■ What you will do ■
An exact transcription of every entry is required, with the images left out.

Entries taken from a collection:
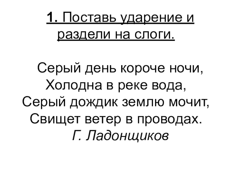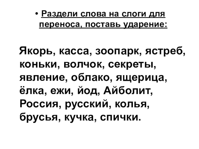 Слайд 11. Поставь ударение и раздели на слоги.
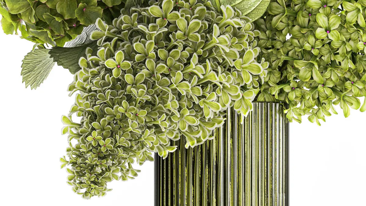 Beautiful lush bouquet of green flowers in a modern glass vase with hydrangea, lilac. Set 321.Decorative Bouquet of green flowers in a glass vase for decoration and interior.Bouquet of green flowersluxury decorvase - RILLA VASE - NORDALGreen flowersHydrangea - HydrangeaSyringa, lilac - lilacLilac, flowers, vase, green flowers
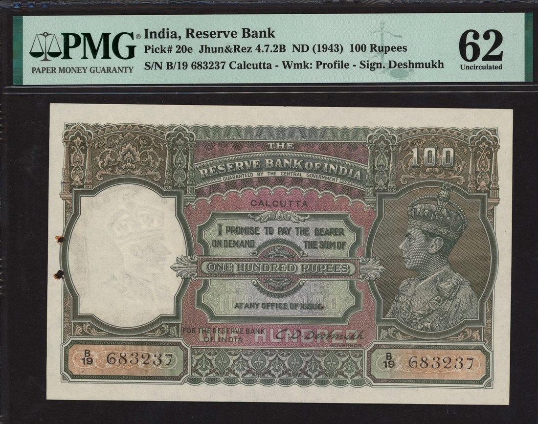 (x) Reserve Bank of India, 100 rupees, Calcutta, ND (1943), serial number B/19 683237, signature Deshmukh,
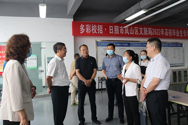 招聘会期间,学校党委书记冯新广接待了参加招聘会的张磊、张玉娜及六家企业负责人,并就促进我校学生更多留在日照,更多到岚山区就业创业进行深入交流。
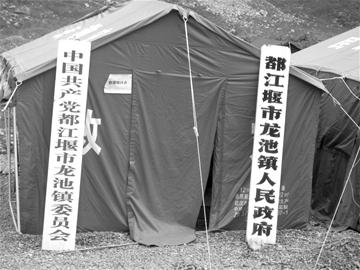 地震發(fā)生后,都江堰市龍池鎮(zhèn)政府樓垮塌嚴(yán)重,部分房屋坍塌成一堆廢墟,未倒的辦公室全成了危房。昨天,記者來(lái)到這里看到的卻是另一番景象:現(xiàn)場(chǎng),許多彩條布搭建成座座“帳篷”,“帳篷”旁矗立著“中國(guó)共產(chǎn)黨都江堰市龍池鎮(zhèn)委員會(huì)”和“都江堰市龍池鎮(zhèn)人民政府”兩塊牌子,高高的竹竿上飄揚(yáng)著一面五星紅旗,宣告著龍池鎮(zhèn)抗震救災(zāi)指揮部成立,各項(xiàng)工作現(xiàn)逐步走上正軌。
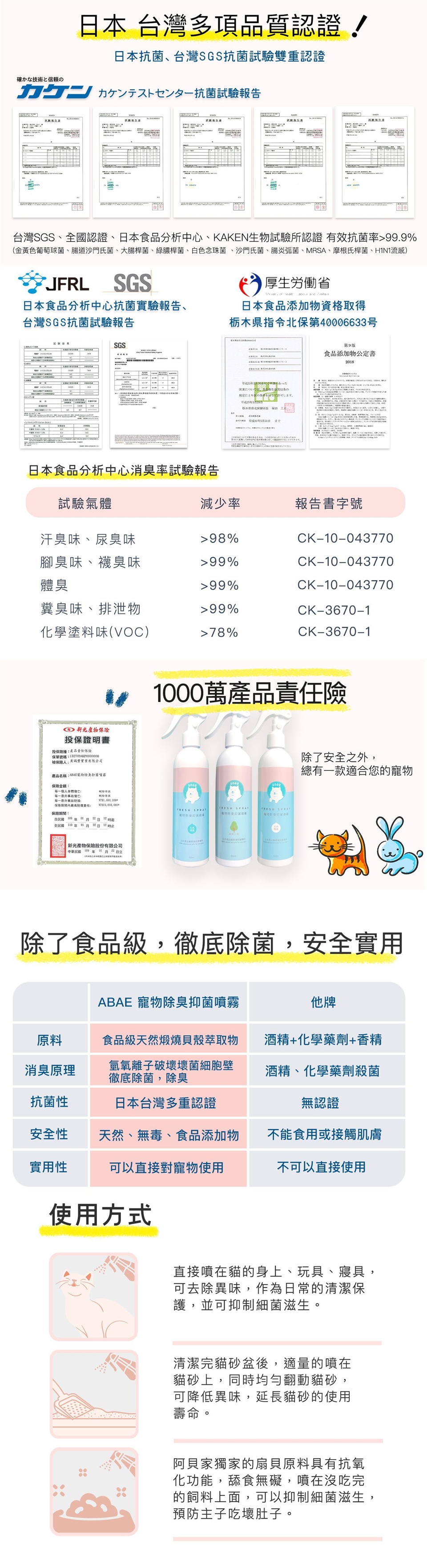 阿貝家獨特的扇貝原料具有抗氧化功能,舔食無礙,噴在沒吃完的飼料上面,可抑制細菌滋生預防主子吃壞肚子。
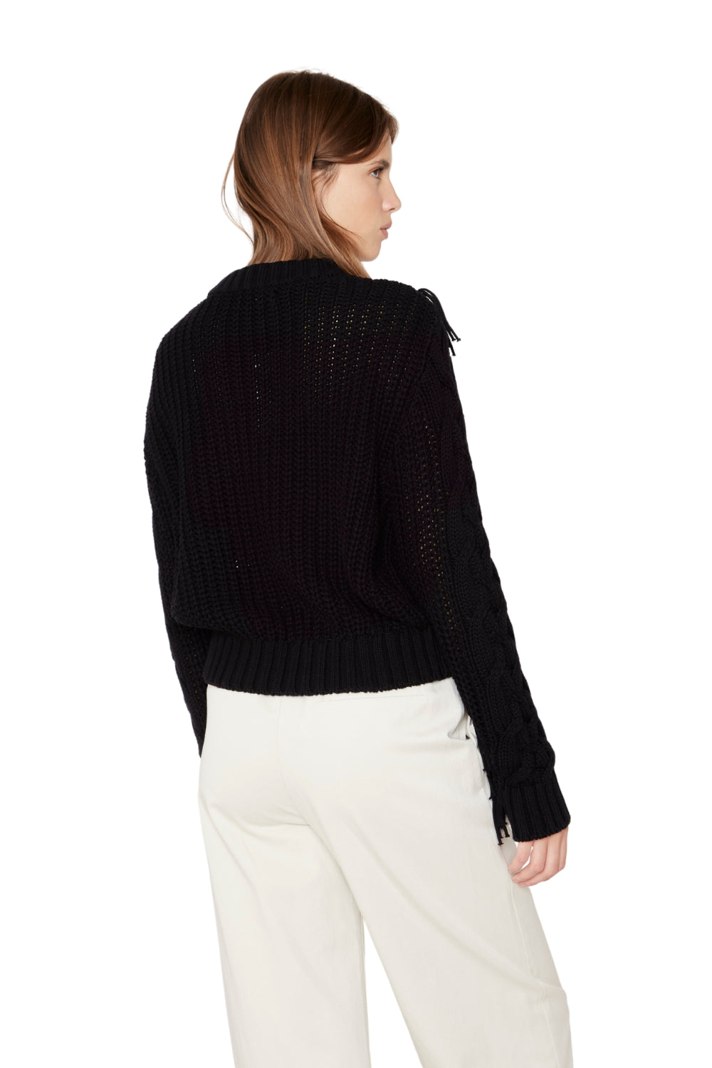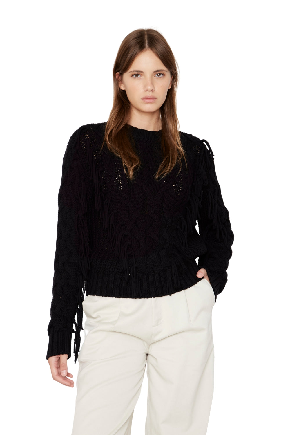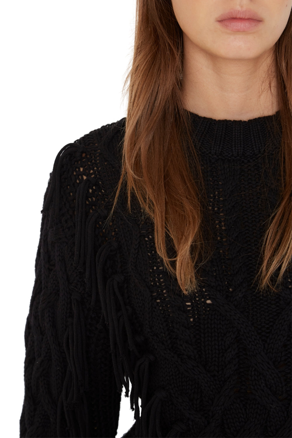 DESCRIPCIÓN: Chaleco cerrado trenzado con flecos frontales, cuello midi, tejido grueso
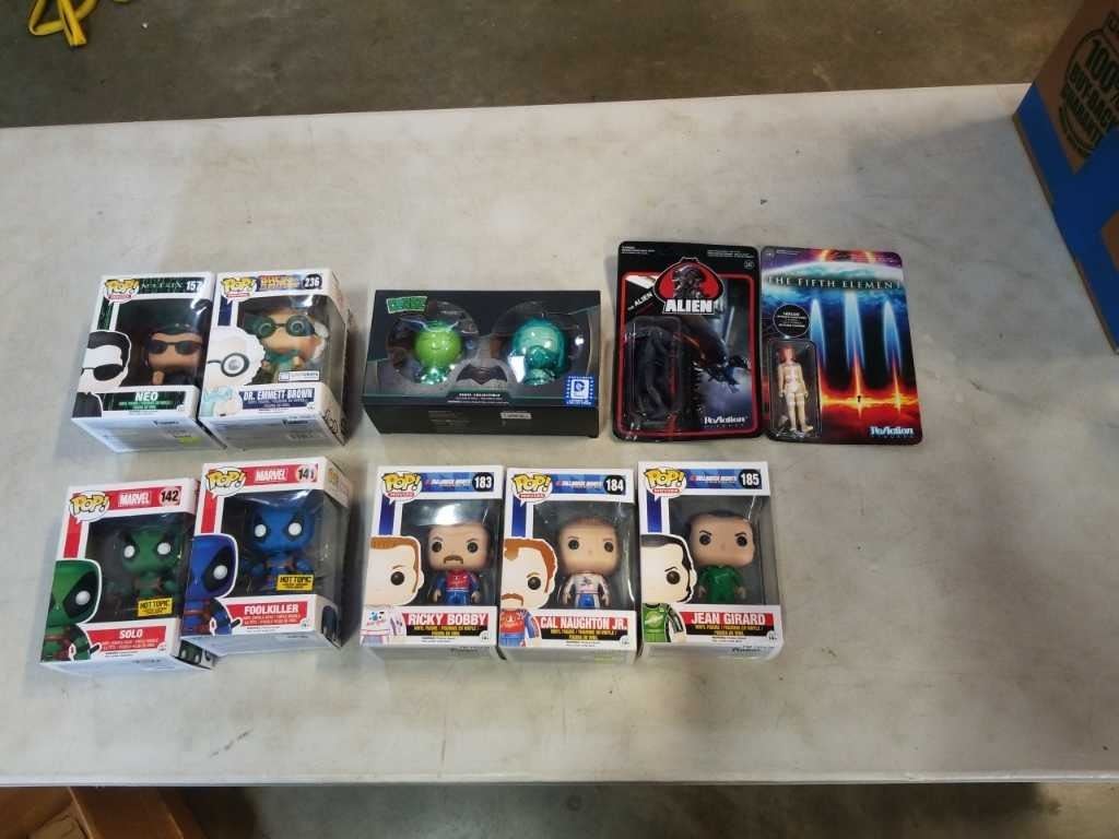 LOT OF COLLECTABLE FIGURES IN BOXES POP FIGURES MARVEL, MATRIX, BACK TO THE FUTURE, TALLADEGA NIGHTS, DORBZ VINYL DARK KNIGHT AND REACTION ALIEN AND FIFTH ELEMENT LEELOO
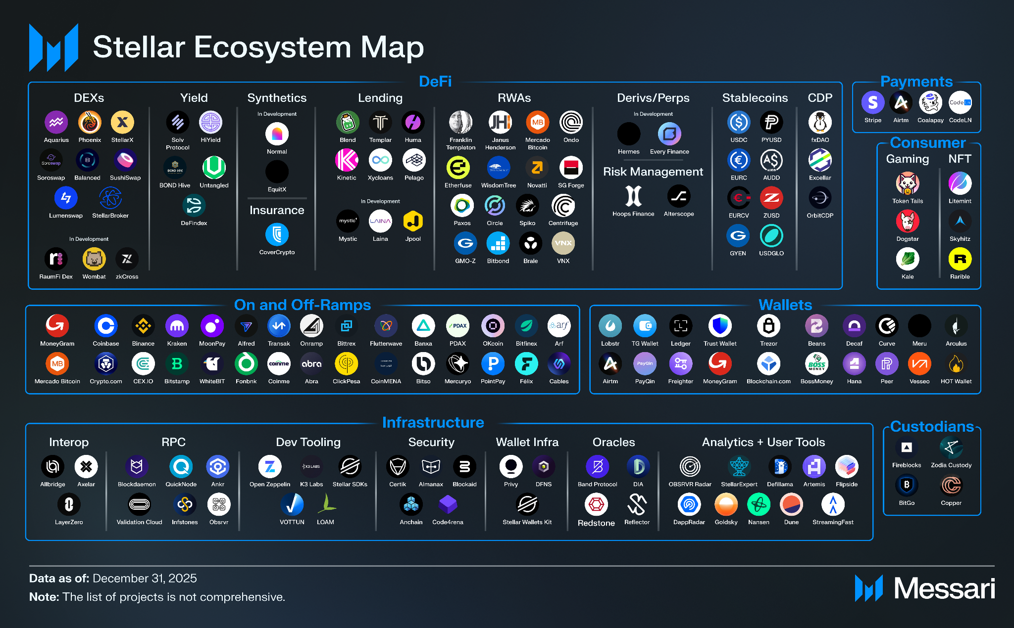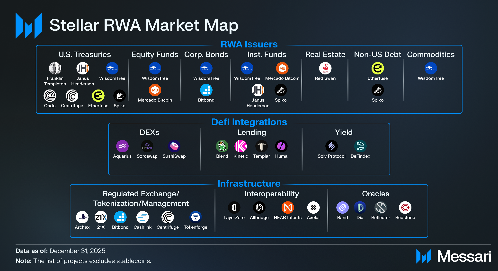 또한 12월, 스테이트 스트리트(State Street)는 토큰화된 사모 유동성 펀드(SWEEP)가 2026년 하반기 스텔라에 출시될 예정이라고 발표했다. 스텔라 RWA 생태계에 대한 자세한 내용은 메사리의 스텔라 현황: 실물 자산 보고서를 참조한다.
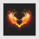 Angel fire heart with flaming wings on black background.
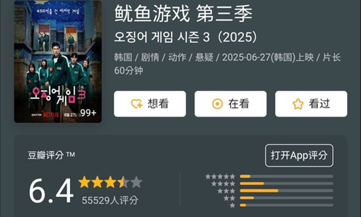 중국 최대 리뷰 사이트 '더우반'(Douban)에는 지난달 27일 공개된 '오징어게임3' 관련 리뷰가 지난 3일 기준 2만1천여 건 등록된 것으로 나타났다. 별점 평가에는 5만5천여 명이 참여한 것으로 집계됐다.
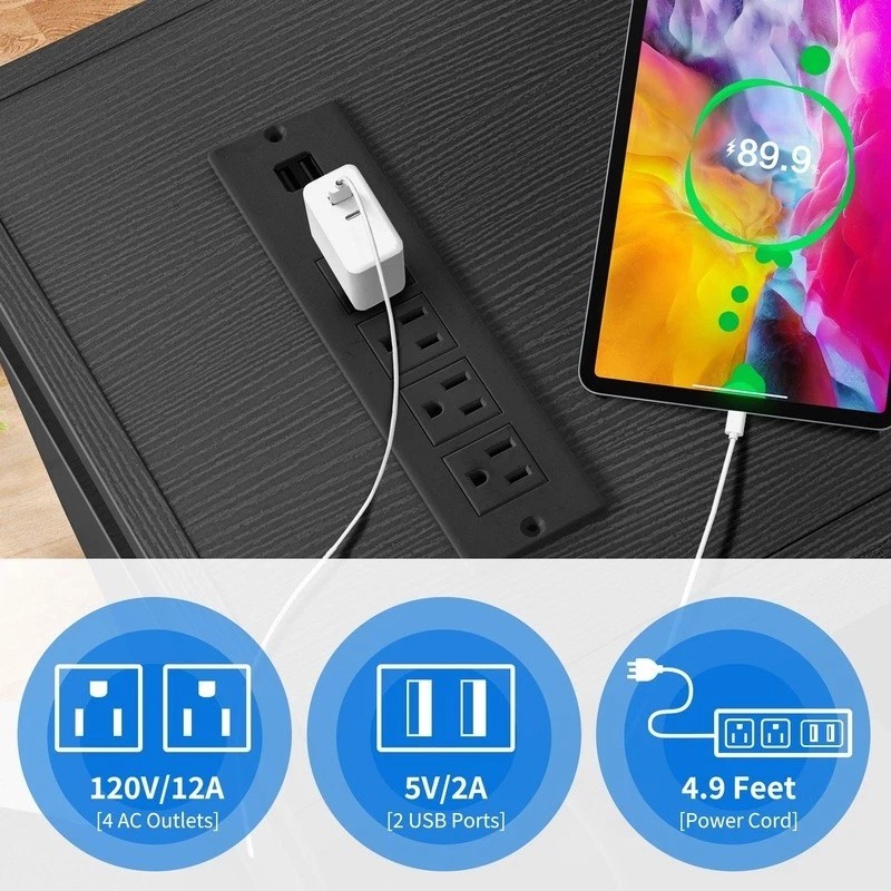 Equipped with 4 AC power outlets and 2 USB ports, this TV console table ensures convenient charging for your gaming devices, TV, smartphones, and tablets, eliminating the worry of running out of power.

■ Final answer ■
 Слайд 11. Поставь ударение и раздели на слоги.
 Beautiful lush bouquet of green flowers in a modern glass vase with hydrangea, lilac. Set 321.Decorative Bouquet of green flowers in a glass vase for decoration and interior.Bouquet of green flowersluxury decorvase - RILLA VASE - NORDALGreen flowersHydrangea - HydrangeaSyringa, lilac - lilacLilac, flowers, vase, green flowers
 (x) Reserve Bank of India, 100 rupees, Calcutta, ND (1943), serial number B/19 683237, signature Deshmukh,
 招聘会期间,学校党委书记冯新广接待了参加招聘会的张磊、张玉娜及六家企业负责人,并就促进我校学生更多留在日照,更多到岚山区就业创业进行深入交流。
 地震發(fā)生后,都江堰市龍池鎮(zhèn)政府樓垮塌嚴(yán)重,部分房屋坍塌成一堆廢墟,未倒的辦公室全成了危房。昨天,記者來(lái)到這里看到的卻是另一番景象:現(xiàn)場(chǎng),許多彩條布搭建成座座“帳篷”,“帳篷”旁矗立著“中國(guó)共產(chǎn)黨都江堰市龍池鎮(zhèn)委員會(huì)”和“都江堰市龍池鎮(zhèn)人民政府”兩塊牌子,高高的竹竿上飄揚(yáng)著一面五星紅旗,宣告著龍池鎮(zhèn)抗震救災(zāi)指揮部成立,各項(xiàng)工作現(xiàn)逐步走上正軌。
 阿貝家獨特的扇貝原料具有抗氧化功能,舔食無礙,噴在沒吃完的飼料上面,可抑制細菌滋生預防主子吃壞肚子。
 DESCRIPCIÓN: Chaleco cerrado trenzado con flecos frontales, cuello midi, tejido grueso
 LOT OF COLLECTABLE FIGURES IN BOXES POP FIGURES MARVEL, MATRIX, BACK TO THE FUTURE, TALLADEGA NIGHTS, DORBZ VINYL DARK KNIGHT AND REACTION ALIEN AND FIFTH ELEMENT LEELOO
 또한 12월, 스테이트 스트리트(State Street)는 토큰화된 사모 유동성 펀드(SWEEP)가 2026년 하반기 스텔라에 출시될 예정이라고 발표했다. 스텔라 RWA 생태계에 대한 자세한 내용은 메사리의 스텔라 현황: 실물 자산 보고서를 참조한다.
 Angel fire heart with flaming wings on black background.
 중국 최대 리뷰 사이트 '더우반'(Douban)에는 지난달 27일 공개된 '오징어게임3' 관련 리뷰가 지난 3일 기준 2만1천여 건 등록된 것으로 나타났다. 별점 평가에는 5만5천여 명이 참여한 것으로 집계됐다.
 Equipped with 4 AC power outlets and 2 USB ports, this TV console table ensures convenient charging for your gaming devices, TV, smartphones, and tablets, eliminating the worry of running out of power.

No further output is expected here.